The dismissal comes days after Prime Minister Dr Timothy Harris indicated during his most recent press conference that ongoing investigations into the foundation were just about completed and the SIDF will soon be brought under Parliamentary scrutiny, as promised by his Team Unity administration prior to the 2015 elections.
“The legislative framework being pursued by two QCs in our country is substantially complete, last I inquired they should be submitting it to us by next week. However they advised that it would be helpful to get the final report to see how that can be tweaked in light of any issues that may be pertinent to the new governance agenda. The commitments which we made in the manifesto to greater transparency would certainly be embedded in the next legislative creation that we would bring in relation to the SIDF and it may be called another name so that we distance ourselves from that grievance and abomination it turned out to be,” Harris said.
The SIDF and its operations have come under heavy criticisms over the years over its lack of transparency and accountability. It was sharply criticized also for the fact that it operates as a private entity with funds generated from the sale of citizenships — a national commodity and privilege
“We will not recoil from any of the commitments which we made with respect to the SIDF, that there must be public accountability, there must be regular reports being submitted to the parliament so that the people of the country can know more and become a part of what is happening with their patrimony,” Harris added.
He indicated at the most recent press conference that the SIDF investigation was virtually complete except for necessary consideration and review by cabinet.
“What has happened is once you get in to the tangled web there’s a lot more work that needed to be done for them to bring the kind of assurances. We expect very shortly and before the budget presentation, to be able to make a statement to the country in relation to that. It is not unheard of either in relation to a regular audit that you can have delays more so for the investigative nature of this one because part of it is to go through a maze of documents, find them, verify them etc and there has been some element of a lack of cooperation from some of the entities involved and that of course led to some delays in the finalization of the report but the report is substantially complete,” Harris said.

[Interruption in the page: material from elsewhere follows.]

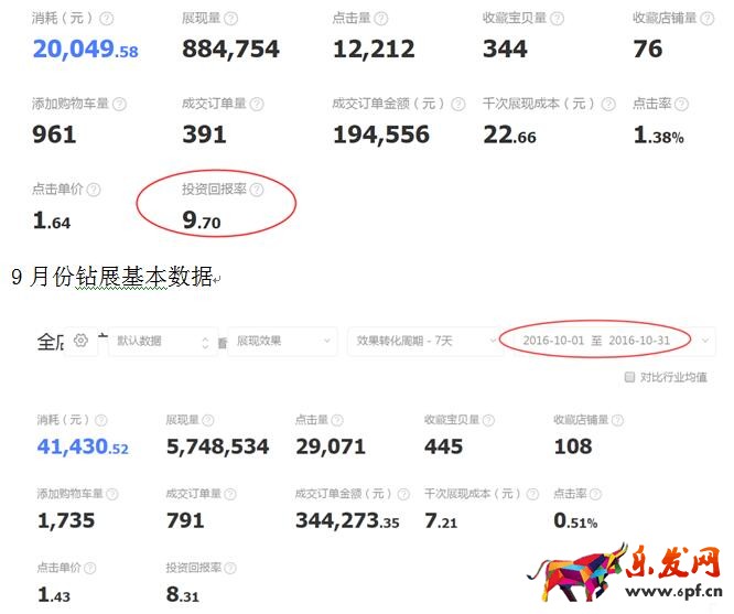 落實到最后截取了9、10月份的整體賬戶數據,來看一下經過上面的投放落地數據是怎么樣的一個情況。為什么沒有截取11月份的呢,是因為11月份中的雙十一的購買力會有明顯的爆發對店鋪的數據支撐是有很大幫助的,不能很客觀的說明以上想法的可行性。
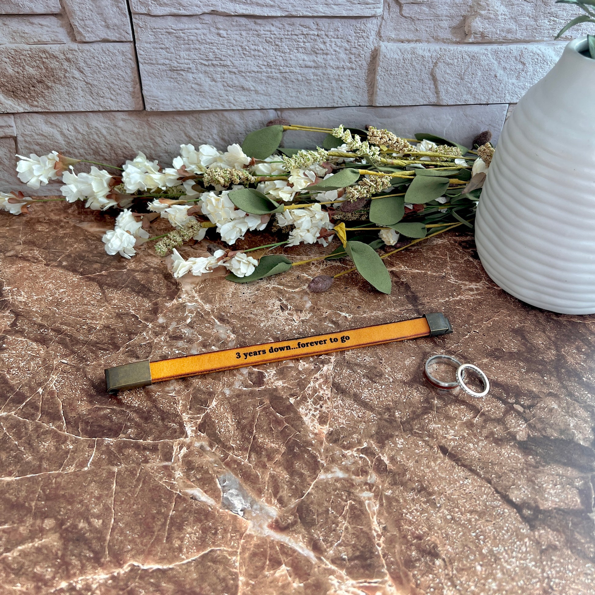Leather is the traditional gift for the 3rd wedding anniversary. This bracelet is a wearable way to mark that milestone — personal, lasting, and something they’ll reach for every day. Also a thoughtful gift for birthdays, Christmas, Valentine’s Day, or just because.

“The absence of control at the SIDF was so bad that it was difficult for them to be able to move with the speed that had been anticipated and you add that to the fact that the SIDF had not produced audited financial statements for a significant period of time, the last one perhaps would have been 2013 that they had provided audited reports. You add that to the fact that you had entities such as the Kittitian Hill Belmont Resort whose report would impact upon the financial statement statements of SIDF and their accounting was not up to date in terms of auditing, so it is those complexities that has led to a prolonged engagement with respect to Ernst & Young presenting its report to us,” Harris concluded.
The controversial management of the SIDF by the former Denzil Douglas-led administration came in for some unpleasant findings following a preliminary review in May by multinational firm Ernst & Young.
Speaking at a monthly press conference held in May 2015, Harris said that the review of the SIDF operations over the period 2010-2014, which he announced on March 15, had revealed some troubling initial findings.
“The review has revealed that the SIDF was operated in a manner unbecoming of a multi-million dollar entity. The board of councilors and senior management operated with scant regard for proper procedures and best practices expected of those with fiduciary responsibilities,” Harris said.
The SIDF was touted by former PM and now leader of the opposition, Dr Denzil Douglas, as a private foundation outside the ambit of government oversight. Under the Douglas administration the fund amassed hundreds of millions of dollars from the sale of St Kitts-Nevis citizenship for up to US$400,000 cash per citizenship.
The SIDF was founded in September 2006 by the National Bank Trust Company, which is a subsidiary of the St Kitts Nevis Anguilla National Bank, a public limited company with the majority shareholder being the federal government of St Kitts and Nevis.